• Task item: Take the line containing "Figure 3 is" and all lines after it, through the end of the material, and repeat them exactly, pictures left out.

• Information shown:

◆ ◆ ◆ ◆ ◆ ◆ ◆

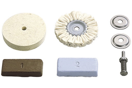 Nadaje się do materiałów: w pełni odpowiedni do blachy, metali nieżelaznych, drewna, plastiku, karoserii. Cechy: praktyczny zestaw „wszystko w jednym” do polerowania zabrudzonych, przygaszonych lub zardzewiałych powierzchni metalowych. Filcowy krążek polerski i pasta czyszcząca do usuwania zanieczyszczeń. Krążek z sukna i pasta polerska do uzyskania wysokiego połysku. Dane techniczne: kierunek obrotów - prawoobrotowy. Maks. prędkość obrotowa: 3 000 obr./min. Zakres dostawy: 1 krążek z sukna, otwór 10 mm, Ø 85 mm; 1 filcowy krążek polerski, otwór 10 mm, Ø 85 mm; 1 trzpień montażowy do otworu 10 mm; 1 brązowa pasta polerska do wstępnego polerowania; 1 niebieska pasta polerska do wykończenia. Elementy w zestawie: 5-częściowy.
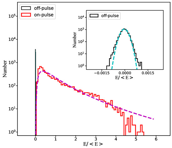 Figure 3 is the distribution of the relative peak flux density, and /, where is the peak flux density of each single pulse and is the peak flux density of the average pulse profile. It is obvious that the single pulse peak flux density of PSR B0950+08 is less than 20 times the average flux density across the entire on-pulse window. This is less than the peak flux intensity required to define a GP. Figure 4 is the distribution of the relative energy, , of 14,232 single pulses. Here, E is the energy of each single pulse and is the average energy of the whole on-pulse window. Obviously, E is less than six times , which does not meet the criteria for a GP. Moreover, the off-pulse region (solid black line) follows the expected normal distribution and the on-pulse region follows a log-normal distribution, with the magenta dashed line being the best-fitting curve. This indicates that the energy distribution is consistent with the normal pulse. Therefore, our observation did not detect a GP at PSR B0950+08.
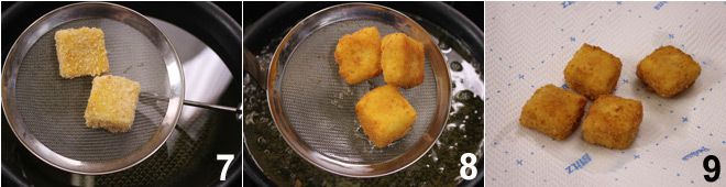 Frittieren Sie die Cremeecken in heißem Erdnussöl 7, bis sie goldbraun sind. Heben Sie sie mit einem Schaumlöffel heraus 8 und legen Sie die frittierte Creme auf ein Papiertuch, um das überschüssige Öl zu entfernen 9. Mit dieser Menge erhalten Sie etwa 40 Stück frittierte Creme!
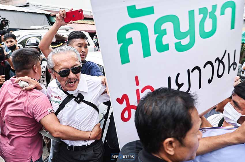 จากนั้นนายชูวิทย์ ได้พยายามจะเข้าไปด้านในโดมที่นายอนุทินกำลังปราศรัย ปรากฏว่ามีทีมงานของพรรคภูมิใจไทย และประชาชนที่มาฟังการปราศรัย ได้เข้ามาสกัด ตะโกนต่อว่าด่าทอนายชูวิทย์ พร้อมไล่ให้ออกจากพื้นที่ และส่งเสียงเชียร์นโยบายกัญชาเสรีของพรรคภูมิใจไทย ซึ่งนายชูวิทย์ ก็ยังคงพยายามที่จะดันเข้าไป ทำให้เกิดการปะทะ และยื้อแย่งกันของทั้ง 2 ฝ่าย ก่อนที่ตำรวจ สน.ดินแดง จะเข้าห้าม และพาตัวนายชูวิทย์ถอยออกมา

◆ ◆ ◆ ◆ ◆ ◆ ◆

• Solution to this problem:
 Figure 3 is the distribution of the relative peak flux density, and /, where is the peak flux density of each single pulse and is the peak flux density of the average pulse profile. It is obvious that the single pulse peak flux density of PSR B0950+08 is less than 20 times the average flux density across the entire on-pulse window. This is less than the peak flux intensity required to define a GP. Figure 4 is the distribution of the relative energy, , of 14,232 single pulses. Here, E is the energy of each single pulse and is the average energy of the whole on-pulse window. Obviously, E is less than six times , which does not meet the criteria for a GP. Moreover, the off-pulse region (solid black line) follows the expected normal distribution and the on-pulse region follows a log-normal distribution, with the magenta dashed line being the best-fitting curve. This indicates that the energy distribution is consistent with the normal pulse. Therefore, our observation did not detect a GP at PSR B0950+08.
 Frittieren Sie die Cremeecken in heißem Erdnussöl 7, bis sie goldbraun sind. Heben Sie sie mit einem Schaumlöffel heraus 8 und legen Sie die frittierte Creme auf ein Papiertuch, um das überschüssige Öl zu entfernen 9. Mit dieser Menge erhalten Sie etwa 40 Stück frittierte Creme!
 จากนั้นนายชูวิทย์ ได้พยายามจะเข้าไปด้านในโดมที่นายอนุทินกำลังปราศรัย ปรากฏว่ามีทีมงานของพรรคภูมิใจไทย และประชาชนที่มาฟังการปราศรัย ได้เข้ามาสกัด ตะโกนต่อว่าด่าทอนายชูวิทย์ พร้อมไล่ให้ออกจากพื้นที่ และส่งเสียงเชียร์นโยบายกัญชาเสรีของพรรคภูมิใจไทย ซึ่งนายชูวิทย์ ก็ยังคงพยายามที่จะดันเข้าไป ทำให้เกิดการปะทะ และยื้อแย่งกันของทั้ง 2 ฝ่าย ก่อนที่ตำรวจ สน.ดินแดง จะเข้าห้าม และพาตัวนายชูวิทย์ถอยออกมา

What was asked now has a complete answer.